Graphical representation of the relationships between the innate immune response by IFNs and the adaptive immune response by IgM and IgG in response to a virus infection and resulting viral RNA levels.
More importantly, these professional APCs can guide immune responses by inducing a specific CD4+ T cell polarization that is characterized by a particular cytokine release pattern, resulting in a specific immune response that targets specific pathogens [4]. Type I and II IFNs are among the tools utilized by DCs to regulate adaptive immune response and CD4+ T cell polarization. IFNs, a family of cytokines, constitute a first line of innate defense against viral infections; more specifically, type I IFNs, including IFNα and IFNβ, activating both toll-like receptor (TLR) and non-TLR signaling cascades [5]. This further underscores that the immunopathogenic properties underlying the Ebola virus are multifactorial and complex.
As many biotechnology and pharmaceutical companies are in the process of developing targeted therapeutics against the eVPs—where inhibiting the target would result in the increased production of type I IFNs—a potential prognostic biomarker for survival of patients infected with Ebola virus is possible. A co-diagnostic test with Ebola virus signatures and type I interferons would enable clinicians to monitor and/or measure the effectiveness of these experimental therapies until approved by the US Federal Drug Administration (FDA). This co-diagnostic test could also be utilized for screening where the IFN levels with patients infected would tend be low as compared to other viral infections like influenza and malaria, complementing existing Ebola tests.

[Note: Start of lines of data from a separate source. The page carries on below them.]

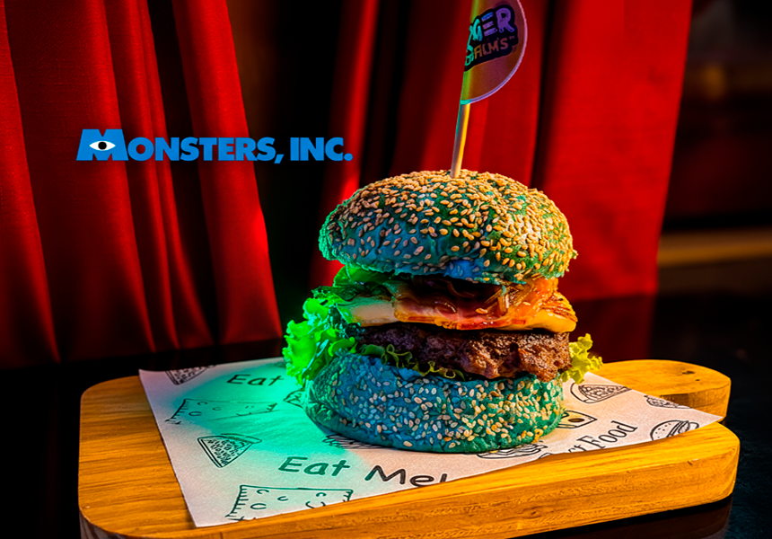 Pão Blue Monster C/ Gergelim, 250g Blend Bovino, Queijo Coalho, Bacon, Cebola Caramelizada, Alface, Tomate
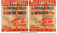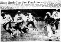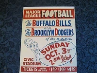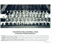 The Buffalo Bills was an American Football team, based in Buffalo, NY, that played in the All-America Football Conference from 1946 to 1949. During its first season in 1946, the team was known as the Buffalo Bisons. Unlike the Cleveland Browns, San Francisco 49ers, and Baltimore Colts, the franchise was not one of the three AAFC teams that merged with the National Football League prior to the 1950 season.
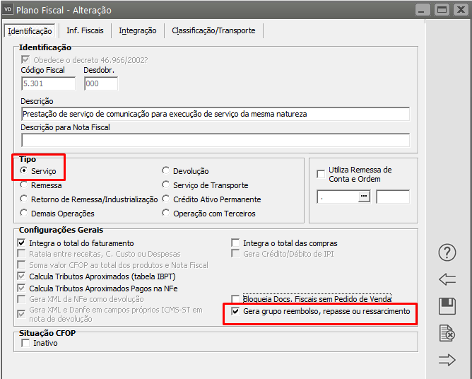 - Ao informar nos Parâmetros do Gerenciador da NFSe que o Município de Envio da NFSe é Ginfes ou São Paulo, o Sistema habilitará um novo campo na aba Identificação do CFOP utilizado por sua Empresa, "Gera Grupo Reembolso, Repasse ou Ressarcimento", selecione o campo
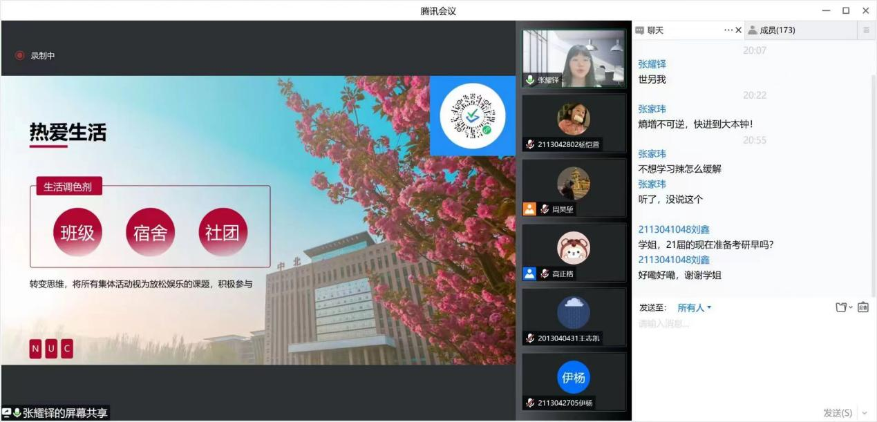 团委学生会于本月筹办了“榜样的力量”系列主题分享活动。活动从应届毕业生的升学和就业两方面着手,分别开展了“就业篇”“保研篇”“考研篇”3场主题分享活动,活动特邀优秀毕业生裴端、张健宁、王滢、景昱、高正格和张耀铎为低年级学弟学妹们分享成长经验、答疑解惑,此次活动累计吸引一千余名同学参与聆听、互动。
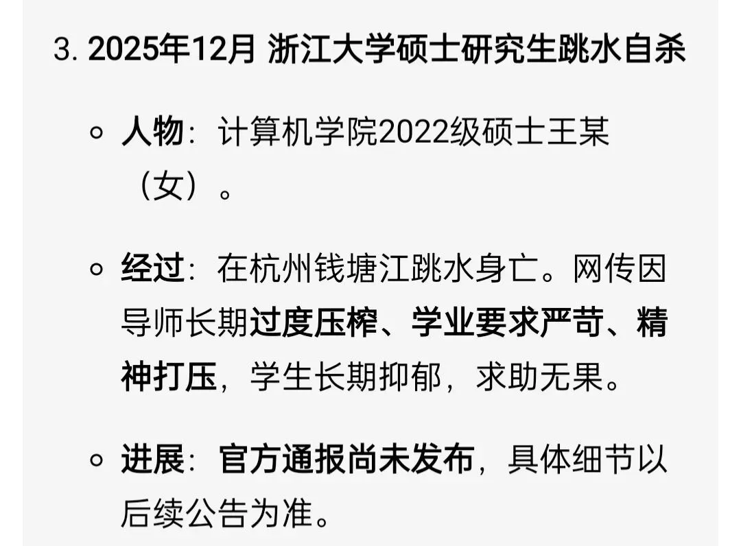 2026年3月14日 ,中南大学湘雅医院2023级神经病学硕士生、规培生孙同学,女,25岁,坠江身亡。
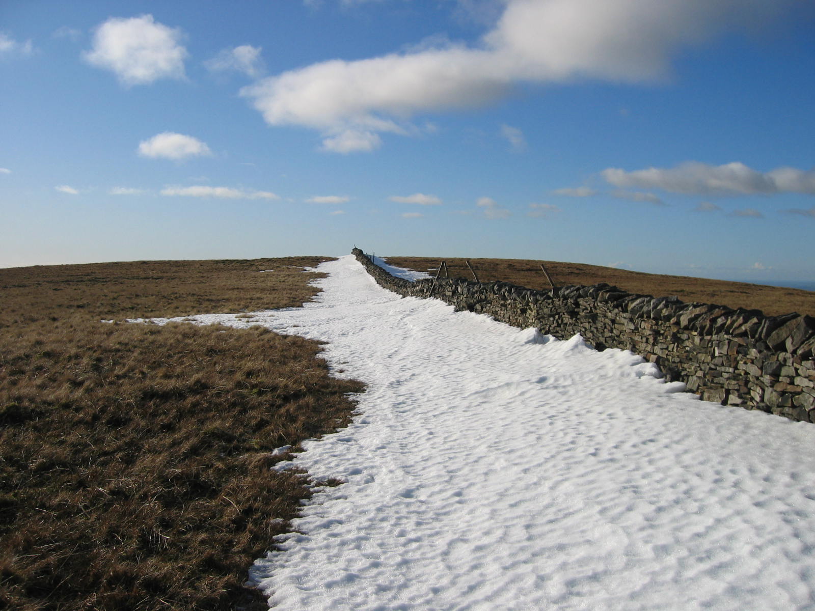 On emerging at the top follow the wall to a junction with another wall whereupon step over recent stone stile to turn right and immediately over a wooden stile walking for a short distance to reach the trig point of Crag Hill [682m]. The views across Morecambe Bay including Heysham and Barrow are excellent in good weather whilst in the other direction there is a good vista of the Lake District fells. Retrace steps and to the stile. Pass over the stile and proceed along the crest of the hill with the wall on the left and after 500m or so the diminutive cairn of Great Coum [687m] will be seen on the other side of the wall. This is in fact very slightly higher than Crag Hill and yet has no trig point. Continue to a change in direction of the wall as the wall turns to the right and in a southerly direction. The path starts to drop downhill. There are several stiles in the wall and at some point cross to the other side of the wall still in the same direction. This passes the rocky outcrop of Gatty Pike and a short distance further on look for a large boulder located at the intersection of two walls. This is County Stone the one time intersection of 3 counties being the extremity of Lancashire, West Riding and Westmoreland. These days it is the intersection of Lancashire and Cumbria. Continue until the next broken down wall and then descend diagonally down hill to the far corner of the pasture where there is a stile. Passing over the stile turn left on to the Occupation Road. Follow the track for 1.5 miles. Then turn right along Nun House Outrake a stony track. This eventually emerges at Deepdale Lane. Cross the lane and through the farm gate opposite. Walk downhill for 200m towards the farmhouse at Scow. Turn left passing across several fields and running parallel with Deepdale Beck. Eventually dip down through the trees towards Mill Bridge. Crossing the minor road take the signposted path towards Dent following the beck. This eventually meets the River Dee and then follows the river almost to Dent.
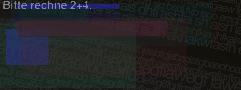 Die Visuelle Bestätigung hilft dabei automatische Spambots und Scripte von den Diensten dieses Forums abzuhalten. Derartige Scripte sind normalerweise nicht in der Lage den untenstehenden Code zu erkennen. Bitte geben Sie also in das untenstehende Feld die Buchstaben und Zahlen ein, die Sie in dem Bild erkennen können oder beantworten Sie die angezeigte Frage.
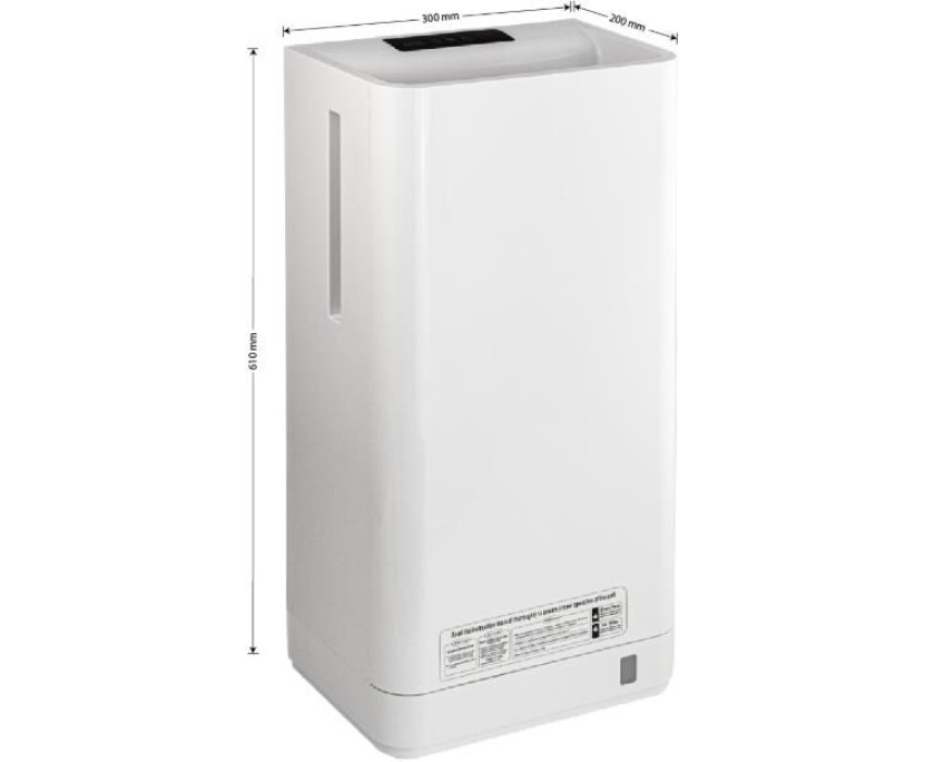 Сушилка для рук погружная, высокоскоростная, бизнес класса, корпус пластик АБС, цвет белый, с неоновой подсветкой. Режим работы горячий - холодный воздух. Две скорости 1800 Вт. Датчик перегрева. НЕРА фильтр. Время работы 7-9 сек. Габаритные размеры: высота 610 мм, ширина 300 мм, глубина 200 мм. Вес - 8,500 кг, объем - 0,06030 м3. В комплекте сушилка, паспорт, крепёж.
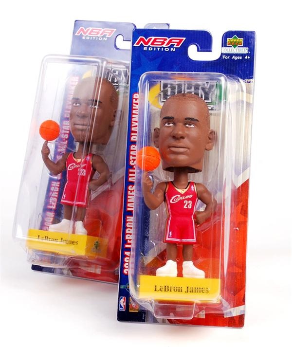 Produced by Upper Deck in 2004. This lot features only the error version that identified James as a 2004 All-Star Playmaker. Each doll stands 6.5'' tall and is housed in the original package. Because of the size/weight of this lot, shipping will be substantial. It is also available for pickup in New Jersey.
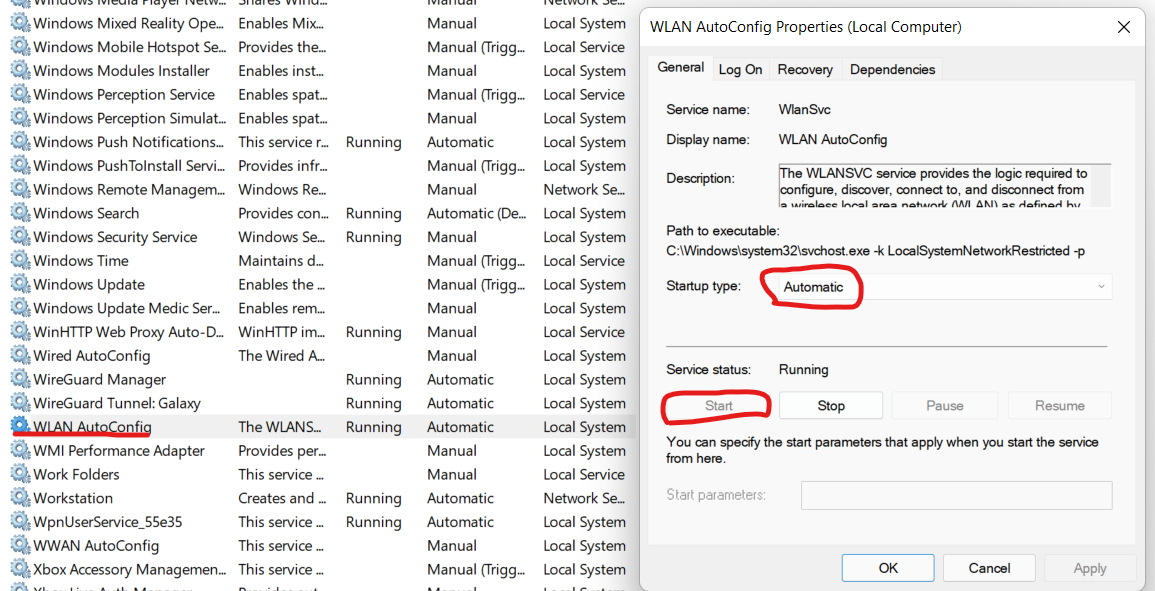 Startup type을Automatic으로 설정,
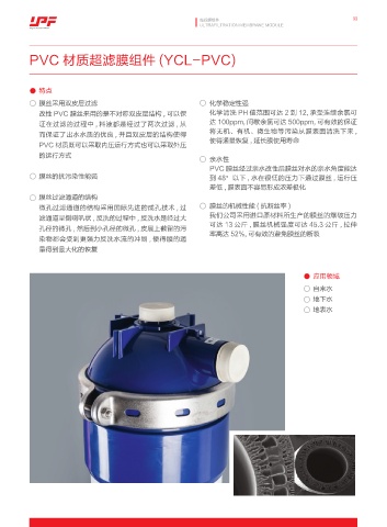 改性 PVC 膜丝釆用的是不对称双皮层结构 , 可以保 化学清洗 PH 值范围可达 2 到 12, 承受连续余氯可
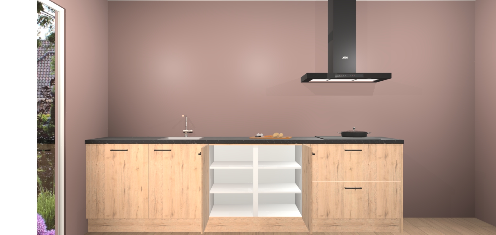 De softclose deuren openen en sluiten is ook heel eenvoudig - geniet van een moeiteloze keukenervaring, zelfs als er kinderen rondlopen. Voor extra gemak bij het plaatsen van uw bestelling bieden we ook een upgrade naar een kookplaat met geïntegreerde afzuiging.
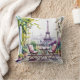 Paris Balcony View Eiffel Torn Watercolor Pillow Kudde

We must prepare ourselves now and for the future as well as learn from prior epidemic experiences that include severe acute respiratory syndrome (SARS), H5N1 and H1N1 influenza, and the recent Middle East respiratory syndrome coronavirus (MERS-CoV), as there will be more unanticipated epidemics and outbreaks of new pathogens and/or re-emerging infections. In response, type I IFNs may play a critical role in not only the immune response, but mechanisms that interfere with the production of type I INFs are also potential targets for therapeutic development.